Rust users read this!

Polars cannot deploy a new version to crates.io until a new arrow release is issued. Arrow's release cycle takes 3/4 months which is a lot slower than I'd like to release. Until that time it is recommended to use the current master branch instead of the published version on crates.io. The current master is a lot stabler than the published version and has way faster compile times.

You can add the master like this:

polars = {version="0.12.0", git = "https://github.com/ritchie46/polars" }

Or by fixing to a specific version:

polars = {version="0.12.0", git = "https://github.com/ritchie46/polars", rev = "<optional git tag>" } 

Python users read this!

Polars is currently transitioning from py-polars to polars. Some docs may still refer the old name.

Install the latest polars version with: $ pip3 install polars

Functionality Eager Lazy (DataFrame) Lazy (Series)
Filters
Shifts
Joins
GroupBys + aggregations
Comparisons
Arithmetic
Sorting
Reversing
Closure application (User Defined Functions)
SIMD
Pivots
Melts
Filling nulls + fill strategies
Aggregations
Moving Window aggregates
Find unique values
Rust iterators
IO (csv, json, parquet, Arrow IPC
Query optimization: (predicate pushdown)
Query optimization: (projection pushdown)
Query optimization: (type coercion)
Query optimization: (simplify expressions)
Query optimization: (aggregate pushdown)

Note that almost all eager operations supported by Eager on Series/ChunkedArrays can be used in Lazy via UDF's

Documentation

Want to know about all the features Polars support?
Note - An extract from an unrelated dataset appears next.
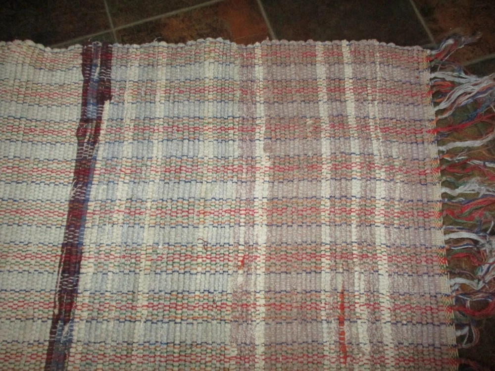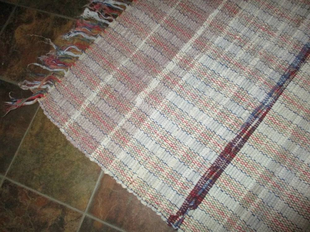 Lovely Vintage 1970s Rag Rug or Runner. Rectangle in colors of mostly Off-white, Tan, some very dark wine-red in the stripes, and other colors mixed in. VERY WORN Fringe . I am not a textile expert, so I think this feels like cotton and cotton/blend. SIZE: 46" long, including WORN fringe. 25" wide. Variations due to hand looming. This will be folded and rolled for shipping. Condition. Used, Vintage. Clean. I see no holes, but there is age-use related wear, including fraying, pulled loops, though none pulled through, and inconsistencies/irregularities due to this being hand made. There is one very small black spot, possibly paint. There is an overall well-used and many times washed look. No odor. Thanks for looking. Please see my other items.

Read the docs!

Rust

Python

Performance

Polars is written to be performant, and it is! But don't take my word for it, take a look at the results in h2oai's db-benchmark.

Cargo Features

Additional cargo features:

  • temporal (default)
    • Conversions between Chrono and Polars for temporal data
  • simd (nightly)
    • SIMD operations
  • parquet
    • Read Apache Parquet format
  • json
    • Json serialization
  • ipc
    • Arrow's IPC format serialization
  • random
    • Generate array's with randomly sampled values
  • ndarray
    • Convert from DataFrame to ndarray
  • lazy
    • Lazy api
  • strings
    • String utilities for Utf8Chunked
  • object
    • Support for generic ChunkedArray's called ObjectChunked<T> (generic over T). These will downcastable from Series through the Any trait.
  • parallel
    • ChunkedArrays can be used by rayon::par_iter()
  • [plain_fmt | pretty_fmt] (mutually exclusive)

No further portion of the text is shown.